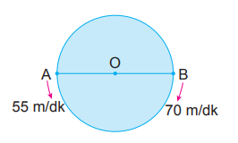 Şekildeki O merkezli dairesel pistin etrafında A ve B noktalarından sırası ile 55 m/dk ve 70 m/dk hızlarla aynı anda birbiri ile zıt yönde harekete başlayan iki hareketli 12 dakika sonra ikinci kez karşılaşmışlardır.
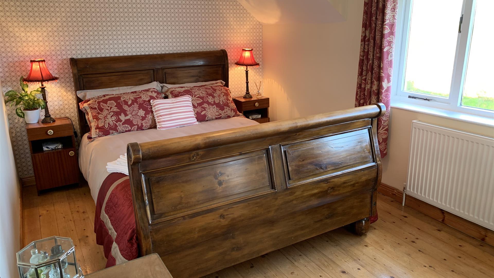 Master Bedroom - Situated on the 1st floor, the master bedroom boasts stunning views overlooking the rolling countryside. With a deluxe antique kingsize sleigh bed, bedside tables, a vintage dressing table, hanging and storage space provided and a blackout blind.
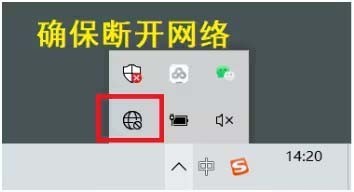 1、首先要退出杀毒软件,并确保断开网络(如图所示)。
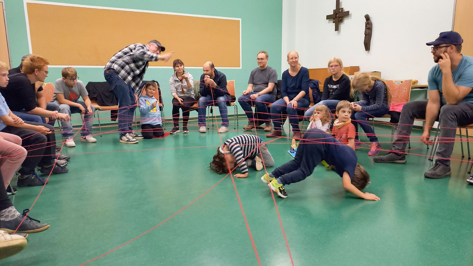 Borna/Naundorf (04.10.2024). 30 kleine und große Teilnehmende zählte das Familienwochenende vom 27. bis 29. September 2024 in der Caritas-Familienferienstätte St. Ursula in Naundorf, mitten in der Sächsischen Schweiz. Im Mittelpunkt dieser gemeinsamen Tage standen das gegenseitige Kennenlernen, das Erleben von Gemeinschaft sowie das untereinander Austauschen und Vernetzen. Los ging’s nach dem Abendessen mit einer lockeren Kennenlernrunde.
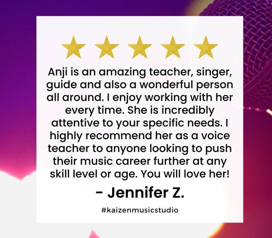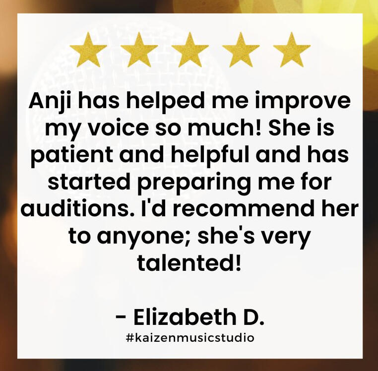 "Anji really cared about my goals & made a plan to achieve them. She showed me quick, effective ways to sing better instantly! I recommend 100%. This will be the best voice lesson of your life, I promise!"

-- -- --

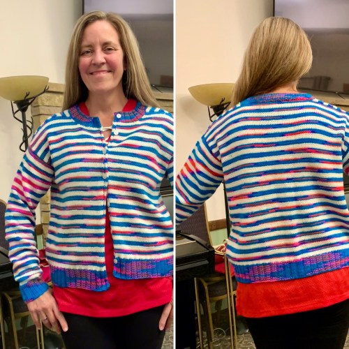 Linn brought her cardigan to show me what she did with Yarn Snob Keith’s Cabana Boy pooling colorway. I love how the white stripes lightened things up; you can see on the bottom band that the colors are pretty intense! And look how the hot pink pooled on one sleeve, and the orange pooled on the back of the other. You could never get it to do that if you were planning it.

-- -- --

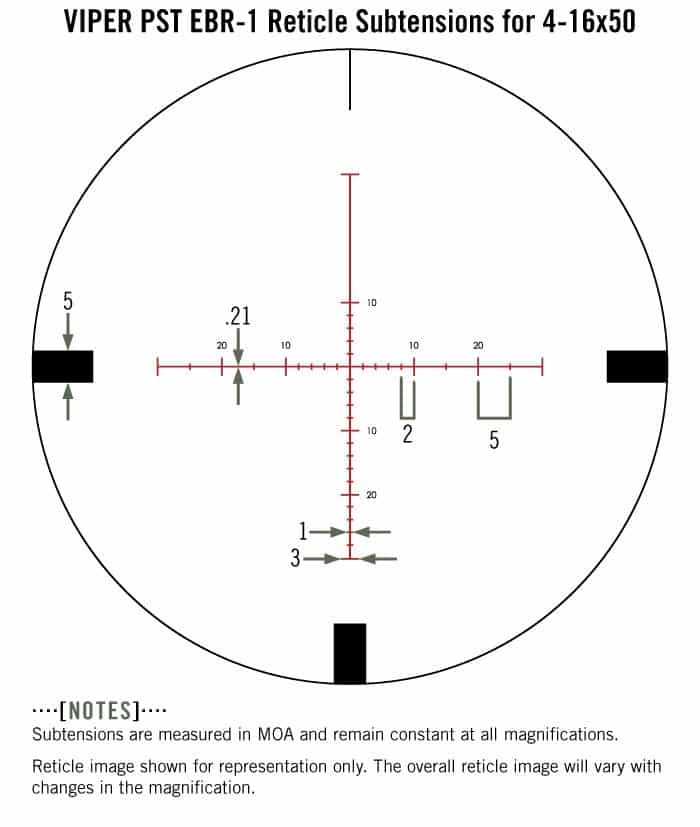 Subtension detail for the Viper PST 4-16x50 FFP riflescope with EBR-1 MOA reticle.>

-- -- --

> Task statement
Nothing outside the stretch above, from the line with "Şekildeki O merkezli" through the line with "Master Bedroom - Situated", is set down. Transcribe that stretch exactly, ends included, but not its pictures.

> Solution
 Şekildeki O merkezli dairesel pistin etrafında A ve B noktalarından sırası ile 55 m/dk ve 70 m/dk hızlarla aynı anda birbiri ile zıt yönde harekete başlayan iki hareketli 12 dakika sonra ikinci kez karşılaşmışlardır.
 Master Bedroom - Situated on the 1st floor, the master bedroom boasts stunning views overlooking the rolling countryside. With a deluxe antique kingsize sleigh bed, bedside tables, a vintage dressing table, hanging and storage space provided and a blackout blind.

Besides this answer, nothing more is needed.